Выбрать главу

Проступание лица-выражения сквозь лицо-маску, иными словами рождение конкретного лица в монтаже, связано у Кулешова с процессом превращения лица в тело, в инертный, вещный, отчужденный от внутренней выразительности объект. Рождение конкретного лица совершенно не связано у него с идеей некоего проступания смыслов (души) изнутри на телесную поверхность, оно не связано с классической идеей выразительности — экспрессии — как некоего давления изнутри наружу. Кулешов писал: «…Выражение какого-либо чувства натурщиков в пределах одной сцены меняется (на экране, а не во время „игры“ его перед съемочным аппаратом) в зависимости от того, с какой сменой этот кусок монтируется. Подобный закон наблюдается в театре, который, правда, выражается в совершенно других моментах. Если мы наденем на актера маску и заставим его принять печальную позу, то и маска будет выражать печаль, если же актер примет радостную позу, то нам будет казаться, что маска радостна» (160).

В этом рассуждении нужно отметить два момента. Первый — лицо-маска в монтажном ряду уподобляется маске на теле актера. Таким образом, монтажное окружение крупного плана натурщика превращается в своего рода тело или, во всяком случае, функционирует так же как тело. Второй — лицо-маска получает свое значение от тела, оно как бы изживает в себе все лицевое и служит для растворения лица в том теле, которое его продолжает. Маска превращается в часть тела. Тело обладает той механической подвижностью, о которой мы уже говорили, и проецирует выразительность этой подвижности на статичное лицо-маску. Лицо становится отростком, органом тела. Можно выразить происходящее и иначе — тело при обретает «черты лица», лицо становится телом, между ними происходит обмен (С. Вермель, обыгрывая эту ситуацию обмена, назвал маску «позой лица» [Вермель 1923:23]). Делез и Гваттари отмечали это явление, обозначенное ими, как «фациализация тела», например, в изображениях стигматизации святого Франциска, когда раны, открывающиеся на руках святого, как бы «фациализируют» его тело, прорезают в нем глаза. То же происходит и с нашей одеждой, на которой пуговицы, например, открывают «глаза», проецируя на тело выразительность лица (Делез-Гваттари 1987–178–181). По мнению французских теоретиков, означающее может быть спроецировано на тело, только подвергшееся предварительной фациализации. Однако, как показывает, например, античный миф о Баубо, лицо всегда фациализировано (например, соски на груди всегда выступают в качестве потенциальных «глаз» тела. — Фрейд 1963 — Девере 1983)

Любопытно, что опыты «фациализации» тела с помощью лица-маски, которые интересовали Кулешова, независимо от него и в ином ключе проделывал немецкий актер Вернер Краусс. Карл Цукмайер вспоминал, что Краусс ненавидел мимическую игру и мечтал воздействовать на зрителей с помощью маски.
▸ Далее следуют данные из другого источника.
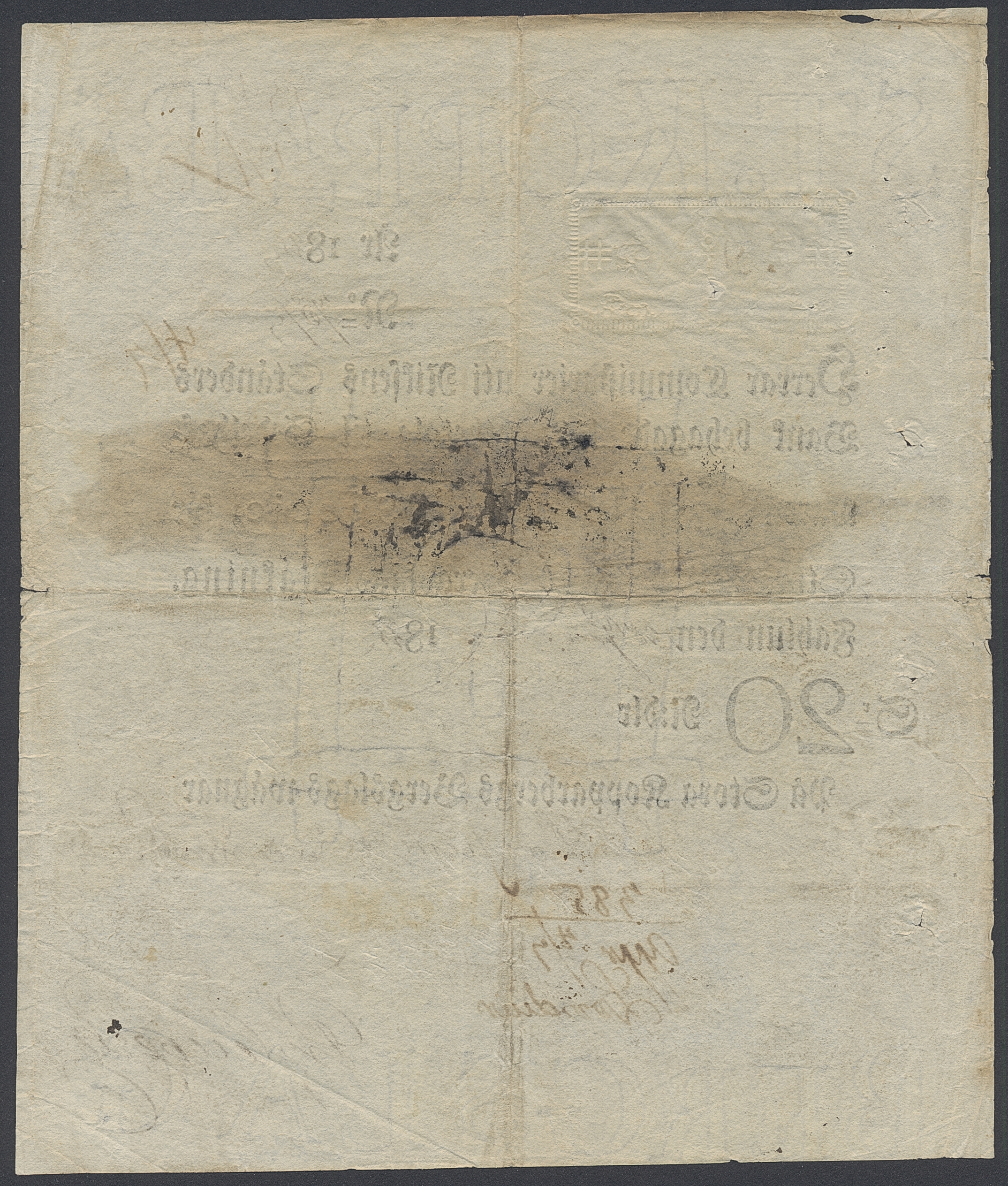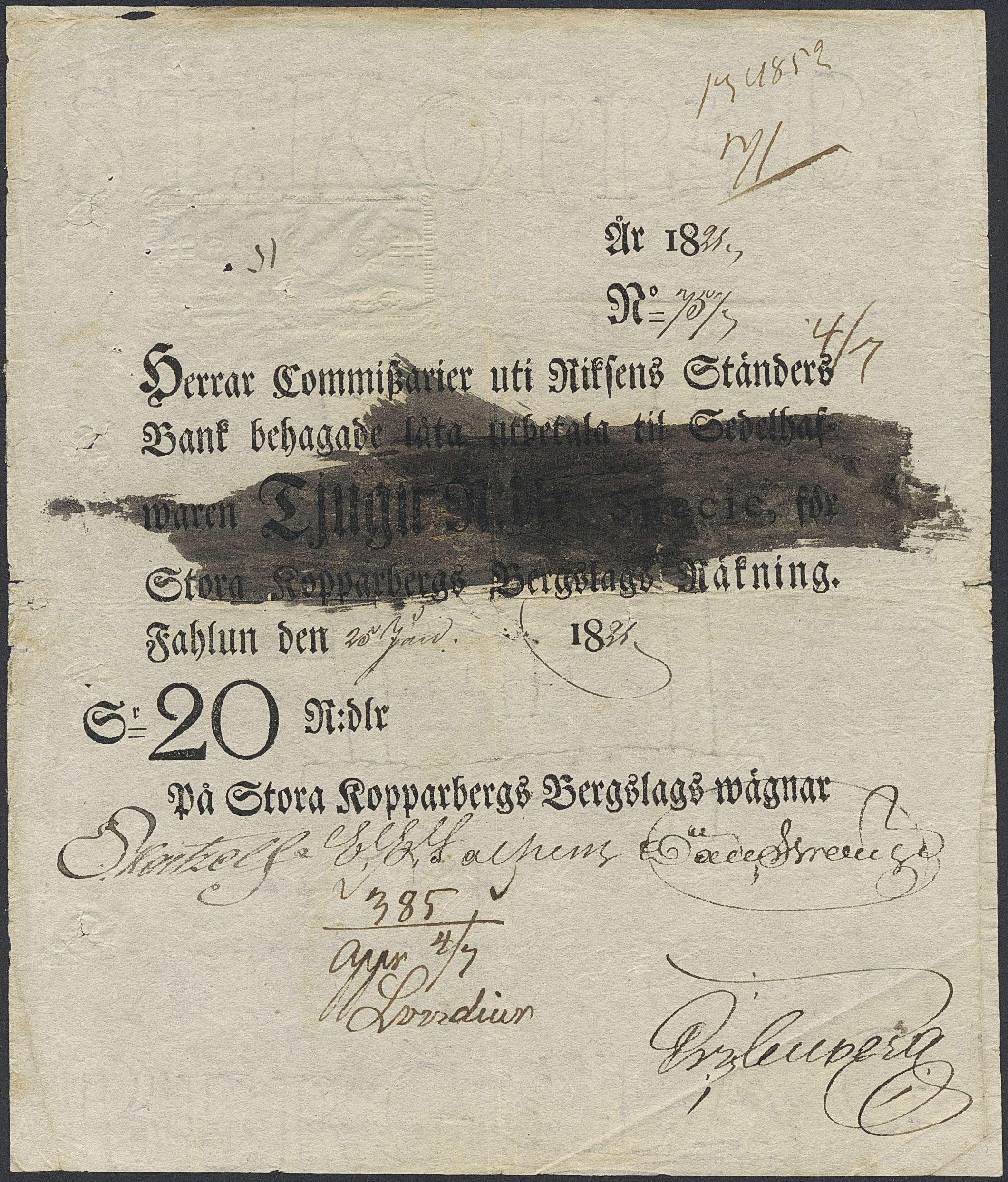 Banknotes, Sweden. 20 riksdaler specie 1821. Stora Kopparbergs Bergslag. Many pinholes, small tears. Ink cancelled. 1.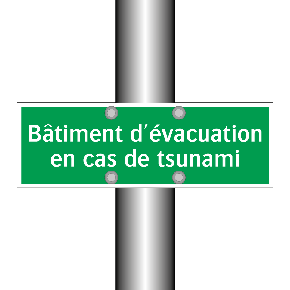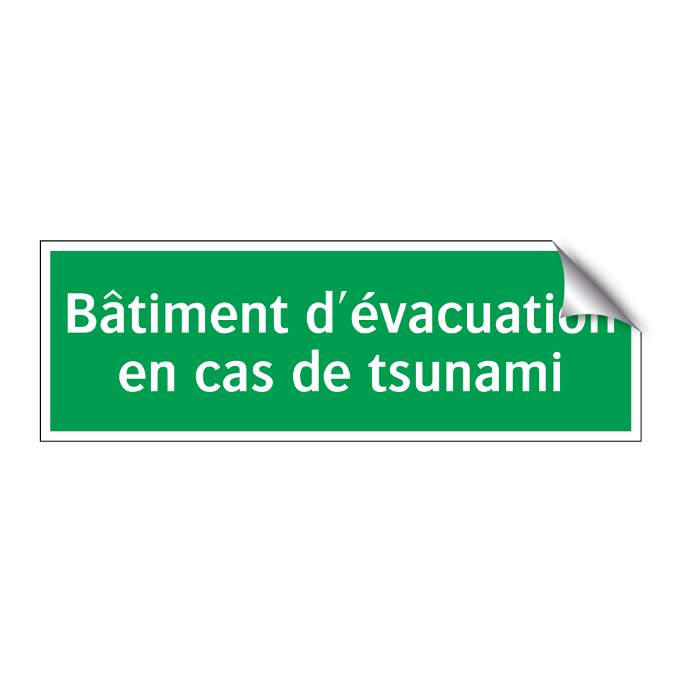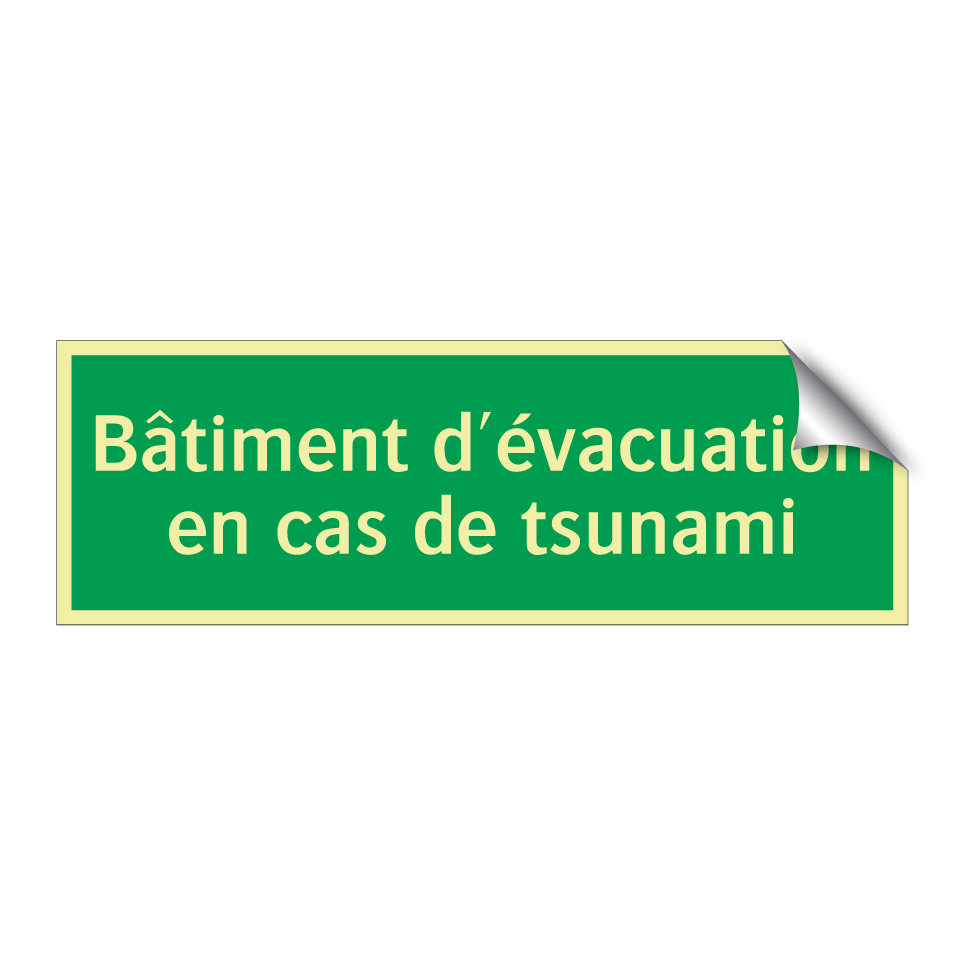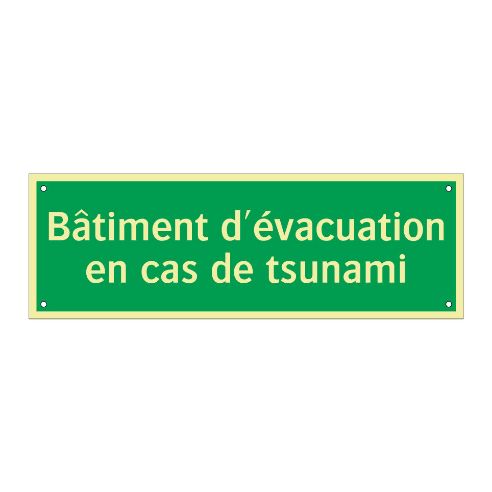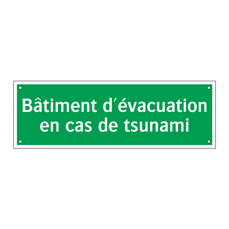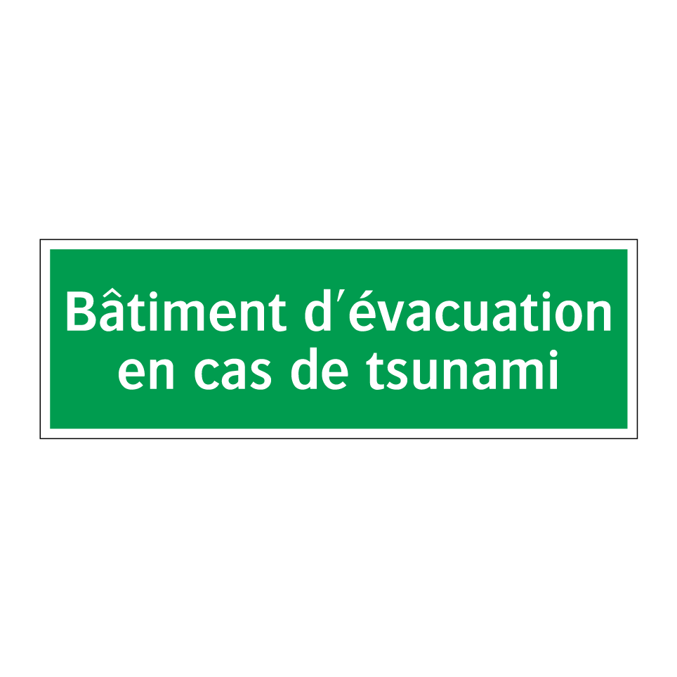 Panneau de secours avec le texte Bâtiment d'évacuation en cas de tsunami

Однажды Цукмайер принес Крауссу маску призрака, которая хранилась у него на чердаке Краусс надел ее и затем с помощью коротких монологов и жестикуляции рук вызывал у присутствующих отчетливое впечатление, что маска плачет и смеется (Целлер 1976:292–293). В 1923 году Фридрих Зибург в статье «Магия тела» посвятил специальный фрагмент актерской технике Краусса, где, в частности, замечал.

«Его телесная интенсивность так велика, что, когда он не располагает в качестве строительного материала словом, вся его сила устремляется в члены его тела, где она стремится обрести чисто пантомимическую магию лица» (Зибург 1984:424).